Still, the predicted list is pretty interesting, because it contains the messenger RNA for the enzyme which controls methylation. Methylation! Another epigenetic mechanism! So is there some epigenetic chain going on here? The dad passes on microRNAs which will result in the DNA of the offspring being more or less methylated. It’s so hard to know what that means, because methylation has very different effects depending on which gene is affected, and this change is a more global change. But it’s a really intriguing finding, isn’t it?

Conclusions
This study is exciting, but I still felt a bit of disappointment as I read it. No behavior changes? Really? Is it really significant without the behavior changes? I mean, do we really care about stress system changes if there are no behavior changes? Of course we do, and I wonder if future studies will investigate different behaviors, or behaviors at different points in the mouse’s life, and then we’ll understand this system a little better.

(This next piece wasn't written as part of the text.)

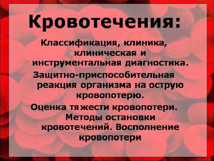 ОМПЛЕКСНАЯ ГЕМОСТАТИЧЕСКАЯ ТЕРАПИЯ • Заместительная терапия (замещение ОЦК и массы эритроцитов). При проведении заместительной терапии прежде всего следует учитывать объем кровопотери • Собственно гемостатическая терапия (использование химических и биологических методов общего действия) • Борьба с ацидозом (переливание 150 -300 мл 4% раствора соды) • Симптоматическая терапия, направленная на поддержание функции основных органов и систем организма (прежде всего сердечнососудистой, легких и почек).

What does it mean for dogs? Of course it is immediately applicable to the question: if a male dog is stressed, will this stress affect his offspring? The answer is a nice solid maybe. In some way that we can’t really predict or define.

But at another level, this is another step in our progress towards understanding how genes and the environment interact. Stressful situations change gene expression in the stressed individual and possibly their offspring. How, why? How can we measure it? How can we use our knowledge to help an animal who has been traumatized, or undersocialized? Watching the field of epigenetics unfold is so much fun: everything is new, we understand so little, but the new technologies are coming so fast that we’re learning more and more.